Основным механизмом развития большинства нейродегенеративных заболеваний является нарушение белкового гомеостаза (протеостаза), приводящего к формированию патологической конформации белков, их агрегации, накоплению и развитию нейротоксичности. Клинические проявления нейродегенеративных заболеваний обычно зависят от вовлечения в патологический процесс определенной популяции нейронов [9].

К заболеваниям, развивающимся вследствие неправильного фолдинга и агрегации белков, относятся болезнь Альцгеймера, болезнь Гентингтона, боковой амиотрофический склероз, болезнь Паркинсона, трансмиссивные губчатые энцефалопатии [9].

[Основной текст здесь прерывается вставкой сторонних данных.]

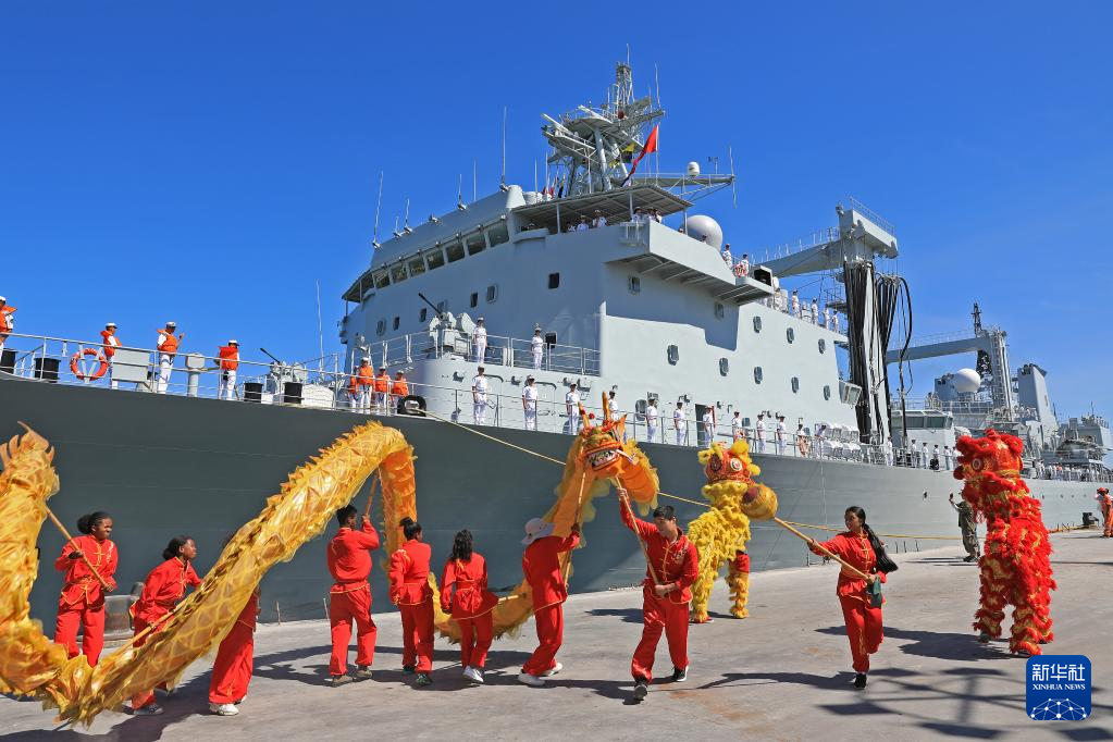 歡迎儀式上,馬方組織了舞龍、舞獅和當地特色舞蹈表演,學生代表為編隊指揮員獻上鮮花。儀式結束后,歡迎人群分批次登艦參觀。

Предложено по крайней мере три механизма, посредством которых неправильная укладка и агрегация белков приводят к развитию болезней нарушенного фолдинга. Так, одним из ключевых звеньев патогенеза нейродегенеративных заболеваний может являться потеря нормальной активности белка, количество которого истощается вследствие неправильного фолдинга и агрегации. Согласно второй и более широко принятой гипотезе, неправильная укладка и агрегация приводят к приобретению белками с нарушенной третичной структурой свойств нейротоксичности, которые проявляются в способности этих белков и их агрегатов активировать проапоптотические сигнальные пути, образовывать ионные каналы и индуцировать процессы окислительного стресса. Наконец, ряд авторов объясняют патогенез нейродегенеративного процесса с точки зрения нейровоспаления, предполагая, что аномальные белковые агрегаты действуют как антигены и вызывают хроническую воспалительную реакцию, которая приводит к гибели клетки, вероятно, активируя процессы врожденного иммунитета, в частности, опосредуемые различными типами инфламмасом [10]. В настоящем обзоре освещены ключевые вопросы строения и функционирования инфламмасом, а также современные данные об их роли при ряде нейродегенеративных заболеваний.

РОЛЬ ВОСПАЛЕНИЯ ПРИ НЕЙРОДЕГЕНЕРАЦИИ

Нейровоспаление является защитным механизмом, который прежде всего призван элиминировать различные патогены, нарушающие гомеостаз [11]. Воспалительный ответ, возникающий в условиях патологии, имеет благоприятные эффекты, способствуя удалению клеточного мусора и восстановлению целостности и гомеостаза тканей, однако хронизация воспалительного ответа пагубна и, напротив, препятствует процессам регенерации [12]. Стимулы, поддерживающие воспалительный ответ, могут иметь как эндогенный характер (например, генетическая мутация и агрегация белков), так и исходить из окружающей среды ― в виде инфекции, травматического повреждения или токсического воздействия, в том числе лекарственными препаратами [13].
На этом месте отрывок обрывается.